Our first V loved sleeping in front of the fire. Until he was burned by a flying spark. After that he would just quietly leave the room when a fire was started. For the remaining 14 years of his life he avoided a fire. It's remarkable how strongly he was conditioned by that one incident.

Bob


----------



## tknafox2 (Apr 2, 2013)

My Foxy loved the fireplace, couldn't get close enough to it as a pup, but as she got older she din't like the popping and snapping of the embers. I don't know if this reaction was related to her (Valley Fever) illness, or just a mature respect for the loud sound. Since we have had Fergy, it has been to hot, even in winter to light up, so we have no experience to relate to.


----------



## Finnigan (Feb 15, 2015)

Thanks for the advice so far. We've had a few fires this winter, with mixed results. He's not afraid of the fireplace unless there's an active fire. He'll lay in the sun during the day, 3 feet from the source of anxiety the night before. I've been trying to set the fire up (cleaning out old ash, then setting up logs) in small doses before lighting a fire, sometimes hours apart. He seems ok with this. Last night I let him play with the newspapers I was wadding up as kindling, as he loves to shred balled up paper like he's opening a peasant. When I lit the fire, he still played a little, however hesitantly, until the first crackle as the logs caught. The pops from the logs seem to cause him the most panic. I wonder if he's anxious about the flames, the smell, or the pops. Or if this all just adds together?
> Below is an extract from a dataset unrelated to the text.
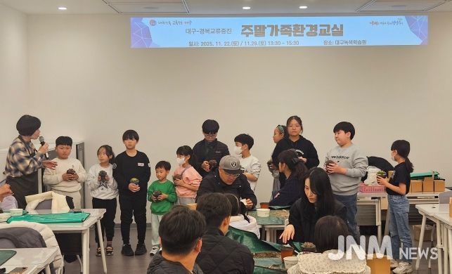 제이앤엠뉴스 | 대구시교육청은 11월 22일과 29일 양일간 대구녹색학습원에서 경북 지역 40가족을 대상으로 ‘가족주말환경교실’을 운영한다. 이번 프로그램은 2025년 대구-경북교육청 교류 증진 사업의 하나로, 학생 60명과 학부모 80명이 참여해 환경 체험 활동을 진행한다.
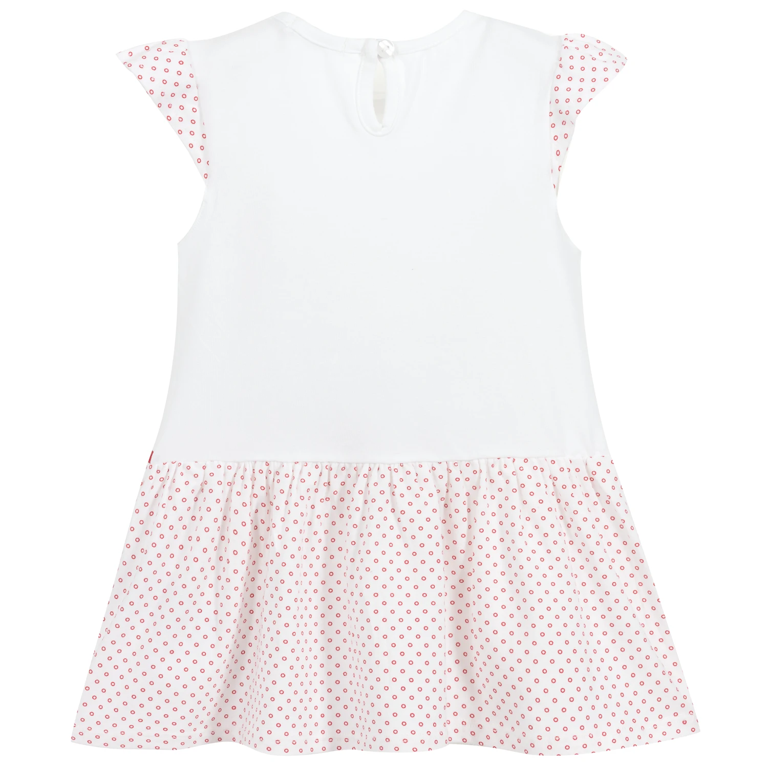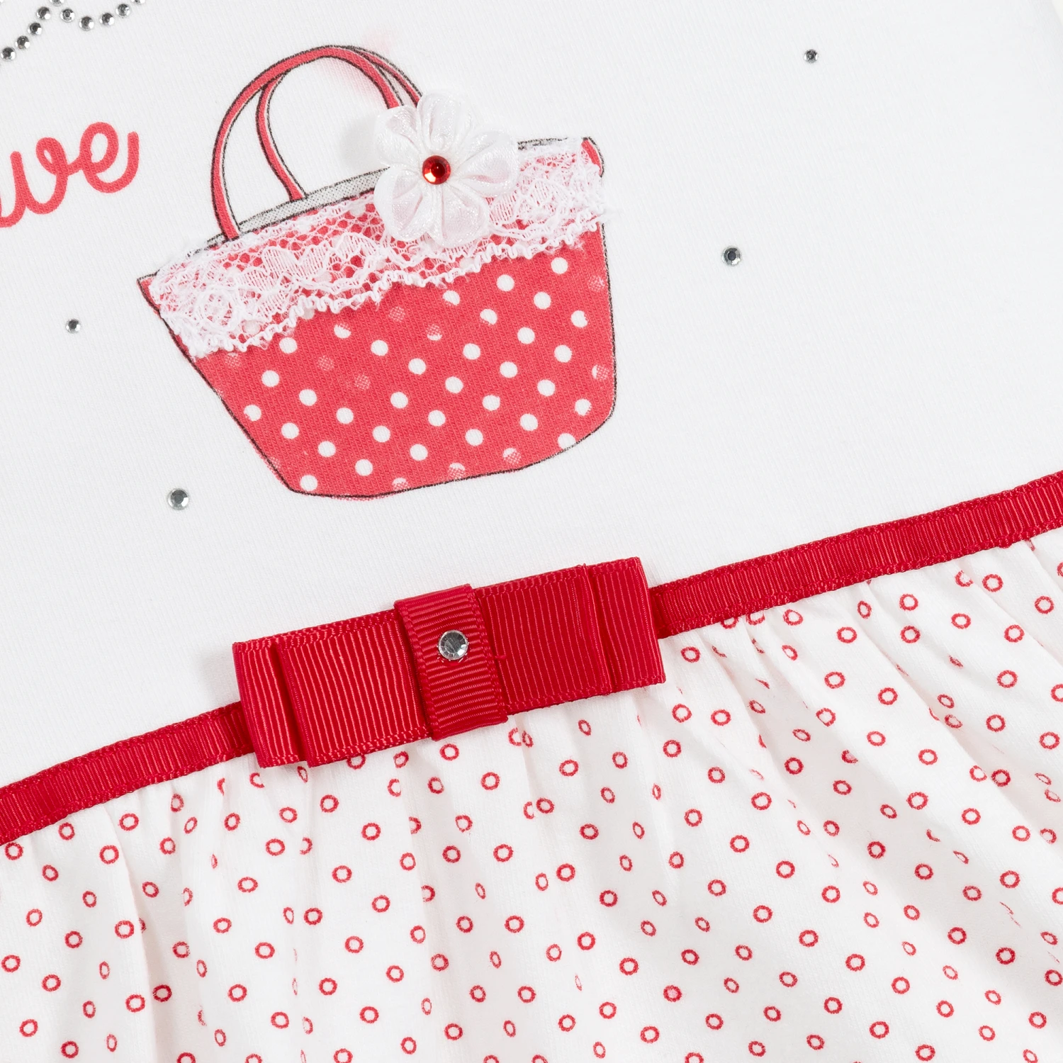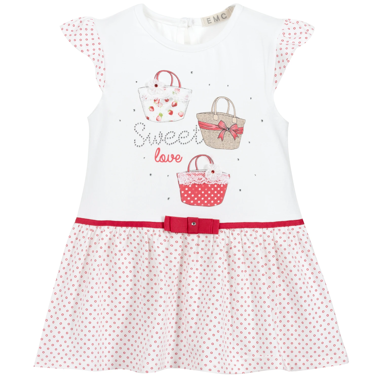 Baby girls white cotton jersey dress with red polka dots by Everything Must Change, with bag print, flower appliqués and diamantés.

It feels like he's slowly improving, but I also don't want to overdo it. I've read about Vizslas becoming gun shy if they're not introduced properly, and that in that case usually they're "ruined" for hunting. Is it likely that I can condition him enjoy the warm fireplace again, or is he scarred forever?


----------



## einspänner (Sep 8, 2012)

To test the theory that it's the noise you could play youtube videos of yule logs, slowly increasing the volume over a few days or so and see if he reacts. Then if that does seem to be the issue, you could probably recondition him to like or tolerate the noise, by keeping the volume low while treating him for calm or non-reactions.


----------



## Canadian Expy (Feb 27, 2013)

Our guy loves to relax beside our gas fireplace. He lies there with his nose as close to the glass as he can, sprawled out across the floor. However, our woodstove at the cottage is a totally different story. 

I believe it is the scent of the burning wood. As soon as he smells burning wood he removes himself from the area. We have tested this buy removing a piece of kindling from the fire when he is nearby. As soon as he smells it he leaves and buries his head/nose is someone's lap/armpit/behind their back. If we are camping and light a campfire, he goes to the tent and asks to be put to bed. As a puppy he would jump up on a campchair and sit with us no problem. The crackling doesn't bother him. He has never been burnt/harmed by fires in the past. Our guy is also 2, and now it is like he has figured out that the smell of fire = danger. 

All dogs are different, but you could test with a burning stick to see how he reacts to it to determine if it is a scent issue with yours as well.


----------



## Bob Engelhardt (Feb 14, 2012)

I have 2 things to suggest: 
1st - try a really small fire. Just kindling, no logs. These shouldn't pop and should be all-round less alarming. If that's OK, gradually build up to full scale. Use distractions in front of the fire - toys, food, wadded paper.

2 - not all fire wood pops. It all crackles, but our fires seldom pop. We burn well dried maple, oak, ash.

Bob


----------